A LOCAL authority has approved a 1.99 per cent rise in its share of the council tax after the Labour leadership voted down a Tory bid to freeze it instead.

As a result from April 1 Hyndburn residents will pay an additional £5.01 a year if they live in a Band D family home and £3.34 a year if they live in one a Band A terraced property.

With extra increased levies from Lancashire County Council and to pay for the police and fire services the full annual council tax bill in Hyndburn for a Band A household in 2012/22 will be £1,340.30 and for a Band D home £2,010.44.

Council leader Cllr Miles Parkinson told a special budget meeting on Thursday night the increase was essential in view of 11 years of government grant cuts and the impact of of coronavirus.

He said: "We have to plan for the future.
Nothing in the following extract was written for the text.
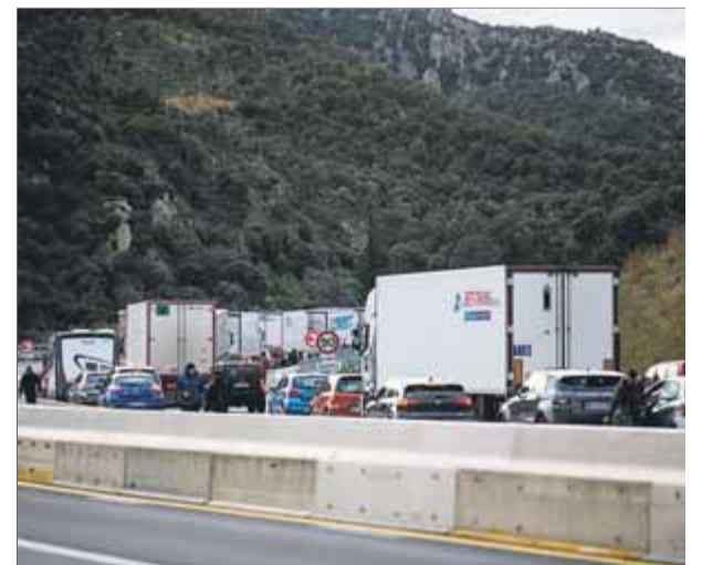
Retenció de trànsit, aquest dilluns al Pertús, arran de la protesta del Tsunami Democràtic

vehicles de gran tonatge des de l'any 2013 (va ser una reivindicació històrica aconseguida pel poble de Bàscara amb l'objectiu que s'hi reduís la sinistralitat viària). A banda, les carreteres que han resultat més congestionades aquests dies a la demarcació de Girona han estat l'AP-7, l'A-2, l'N-II i la C-66. ■

Employment and housing are central to Hyndburn Council's vision."

Conservative group leader Cllr Marlene Haworth said Labour's budget had 'no vision, no strategy, and no support for residents'.

She proposed freezing the council tax paid for a by further one per cent saving on spending and using £200,000 from reserves to finance an new economic development hub and pay for mental health counselling for residents affected by the pandemic.

Cllr Haworth called for the diversion of cash from Accrington town centre redevelopment for projects in Rishton and Clayton-le-Moors and the retention of Great Harwood's Mercer Hall as a swimming pool and leisure centre.

Cllr Parkinson said the council intended to follow up its investment in Accrington town centre with similar cash injections for the borough's other townships.

He said Mercer Hall was now at the end of its useful life as a swimming pool and the council was investing £10m in a 'transformational agenda' for leisure in Hyndburn including a new centre on Wilsons Playing Fields in Clayton-le-Moors to be completed in 2023.

Clayton-le-Moors ward's Labour Cllr Tim O'Kane said: "This Tory budget is a complete joke. Labour's is the only budget which adds up."